**BRIEF:** Everything from the line containing "北京市朝阳区2024届高三上学期期中考试数学(原卷版)" through the line containing "Soldier on Patrol: In" in the listing below should be copied exactly, and nothing more.

**MATERIAL FOR THIS EXERCISE:**
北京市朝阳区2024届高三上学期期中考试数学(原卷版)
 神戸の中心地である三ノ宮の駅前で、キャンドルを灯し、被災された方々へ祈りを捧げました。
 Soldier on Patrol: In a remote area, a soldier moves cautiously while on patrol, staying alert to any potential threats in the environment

---

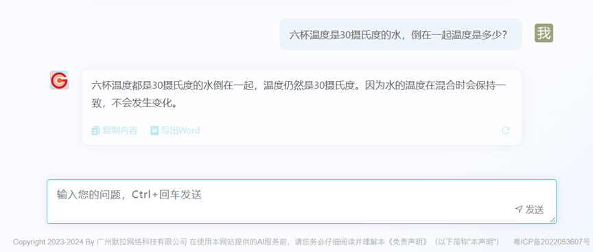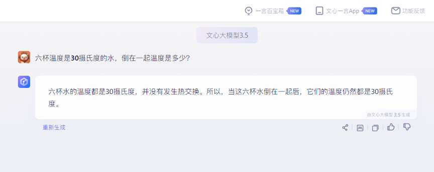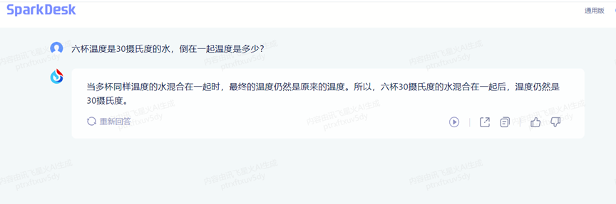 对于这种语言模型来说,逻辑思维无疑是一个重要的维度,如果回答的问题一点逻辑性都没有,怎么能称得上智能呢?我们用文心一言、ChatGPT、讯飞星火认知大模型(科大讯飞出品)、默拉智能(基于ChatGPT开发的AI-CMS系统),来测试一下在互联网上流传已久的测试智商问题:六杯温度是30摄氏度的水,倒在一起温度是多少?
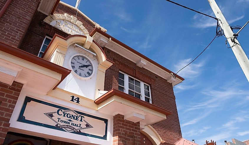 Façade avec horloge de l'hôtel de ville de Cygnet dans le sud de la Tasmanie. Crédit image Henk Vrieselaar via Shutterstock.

...

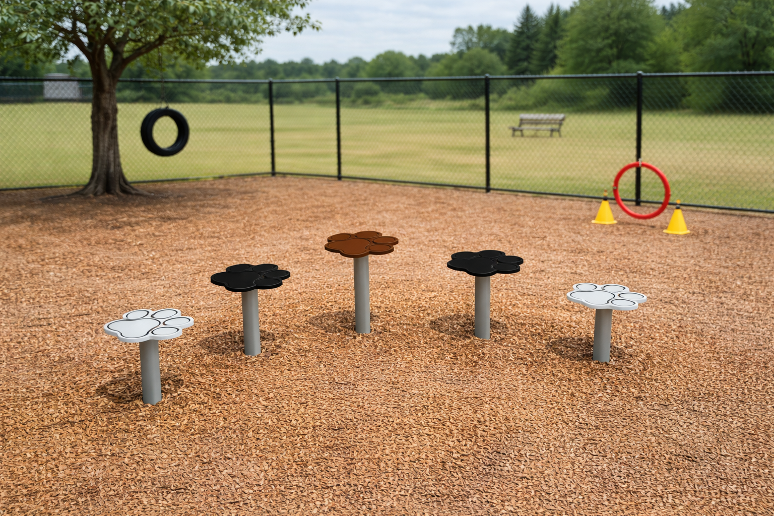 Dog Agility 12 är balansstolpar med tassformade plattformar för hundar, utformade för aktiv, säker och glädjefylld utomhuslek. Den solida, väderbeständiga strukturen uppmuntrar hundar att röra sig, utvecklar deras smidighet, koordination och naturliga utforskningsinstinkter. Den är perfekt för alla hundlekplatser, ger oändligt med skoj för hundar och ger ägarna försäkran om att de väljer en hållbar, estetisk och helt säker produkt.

**TASK RESULT:**
北京市朝阳区2024届高三上学期期中考试数学(原卷版)
 神戸の中心地である三ノ宮の駅前で、キャンドルを灯し、被災された方々へ祈りを捧げました。
 Soldier on Patrol: In a remote area, a soldier moves cautiously while on patrol, staying alert to any potential threats in the environment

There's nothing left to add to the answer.